Nada impede Allan de atender alguns pedidos especiais. A seleção brasileira de judô, por exemplo, solicitou a culinária japonesa em todos os jantares. Um atleta do Rio Grande do Norte disse que não poderia faltar cuscuz no café da manhã. Nos eventos teste, o chef preparou ovos fritos para a delegação de atletismo. Desses "abraços" nasceram amizades.

"Acabei conhecendo muitos atletas. Criei um carinho pelo handebol feminino, a gente troca receitas até. Admiro muito a Ana Marcela, da maratona aquática, Martine e Kahena, da vela... O pessoal do atletismo também é demais. Eles colocavam pagode na cozinha, pediam um ovinho frito: 'Ô chef, não dá pra fritar um ovinho pra gente?'. E a gente fez. 'Gema mole ou gema dura?'", completou o chef.

Os bastidores da cozinha do chef Allan

Além da complexidade para chegar a um denominador comum de uma delegação com atletas de diferentes esportes, Allan viajou o Japão para ensinar a japoneses sobre a culinária brasileira. Em alguns momentos, sem a presença de tradutores, a interação era via paladar e olhos atentos.

"Pensamos que era só chegar e treinar equipes de cozinha. Foi muito mais que isso. No Japão, eles trabalham de uma forma diferente com o corte de animais. Eles moem uma parte da carne de boi que, às vezes, a gente não usa para moer, cozinham o que não usamos para cozinhar. É diferente, principalmente para o nosso tipo de culinária", explicou o chef que tem 15 anos de experiência.

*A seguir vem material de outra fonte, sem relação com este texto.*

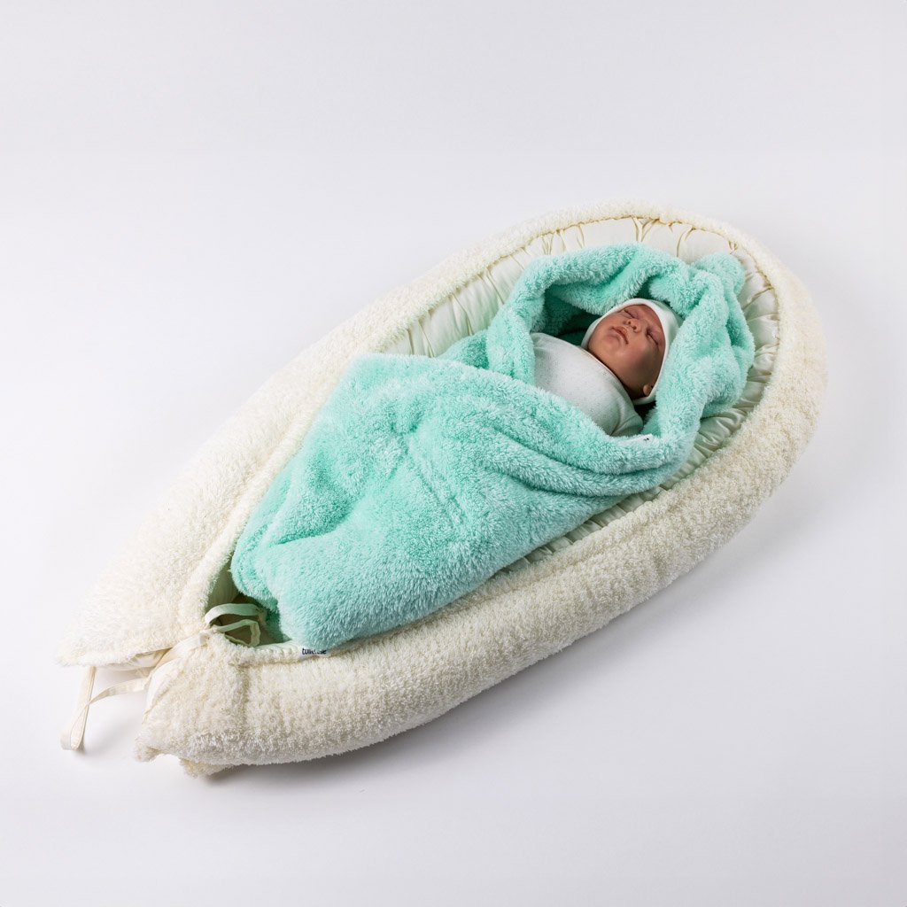 - Zavinovací deku jsme ušili z heboučkého wellsoftu v mentolovém odstínu.
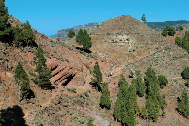 Nach dem Gipfel-Abstecher folgt der vielleicht schönste Abschnitt des Weges: Er führt auf der rechten Kammseite durch Felsen und vorbei an Höhlen (Ziegenställe) in eine rötliche Erosionslandschaft, in der wir eine schwarze Lavamauer passieren. Nach 20 Minuten wendet sich der Camino der linken Kammseite zu, kehrt aber gleich wieder zur rechten Kammseite zurück und führt dort an einem Ziegengehege vorbei.
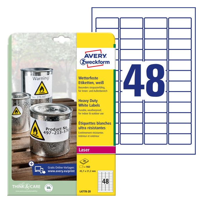 Etikety polyesterové veľmi odolné 45,7x21,2mm Avery A4 biele 20 hárkov

"Foram dois anos de ajuste. Trabalhei com tradutores, porque em muitos lugares não se fala inglês. Fizemos apresentação como o mapa do boi, explicamos que parte os brasileiros usavam para cada coisa na culinária. Em alguns lugares, montamos cozinhas do zero. Até as áreas de lavar louça a gente instalou", acrescentou Allan.

Alguns dos restaurantes terão uma cozinha só com funcionários japoneses, com apenas um brasileiro para ser o "olho" de Allan durante os Jogos. Mesmo assim, o chef ficará circulando pelo país para acompanhar a operação de suas cozinhas.

"É muita gente, muita comida, muito detalhe. São nove bases. Eu vou começar no centro de Tóquio. Lá, tem um sistema de transporte muito eficiente. Eu consigo chegar em uma hora em locais a 300 quilômetros de distância. A ideia é ir ficando nos três primeiros dias de funcionamento de cada base, aí, depois, vou circulando, e no fim, vou passando para me despedir", disse o chef.

"Estamos esperando os atletas de braços abertos. Torcemos para que tudo dê certo e que cheguem saudáveis e partam saudáveis, felizes pela experiência de terem vivido os Jogos e ter comido comida brasileira no Japão", concluiu.